Incident Report for Ably

Postmortem

Summary of incident affecting the Ably production service 1 September - investigation and conclusions

Overview

There was an incident affecting Ably production services on 1 September 2023, which impacted a significant fraction of connections to primary and fallback endpoints, for a total of 12 minutes from 1519 to 1531 (all times UTC). The problem arose as a result of a Distributed Denial of Service (DDoS) attack targeting the Ably default endpoint, which temporarily overloaded various elements of Ably's networking and request handling infrastructure.
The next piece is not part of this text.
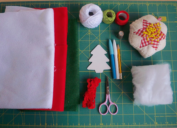 Estos son los materiales que vamos a necesitar: fieltro en los colores que queramos, hiló de perlé en colores variados, agujas y alfileres, un poco de relleno, tijeras, cinta decorativa, patrón y lápices para marcar.

At the present state of the investigation we have a thorough understanding of the nature of the attack, its impact on the service, and the effectiveness of our mitigations at the time. We are still in the process of planning and implementing a number of future mitigations to ensure that we can better handle a range of attack scenarios should they arise in the future. However, we are deliberately limiting the detail we disclose about the nature of this specific attack and our available mitigations.

Background

Ably operates a number of production clusters for its service around the globe. There is a main production cluster that services the majority of customer accounts, plus a small number of dedicated clusters for specific accounts. Each of the clusters has a presence in multiple regions in a globally federated system.

Access network, client connections and routing

In each region, the frontend layer of the messaging system, which terminates subscriber connections and handles REST requests, consists of a group of endpoint instances, behind a mesh of routers/reverse proxies which are responsible for distributing connections and requests among available endpoint instances, and implement endpoint affinity for certain classes of requests. These routers are served by AWS NLB instances in each region.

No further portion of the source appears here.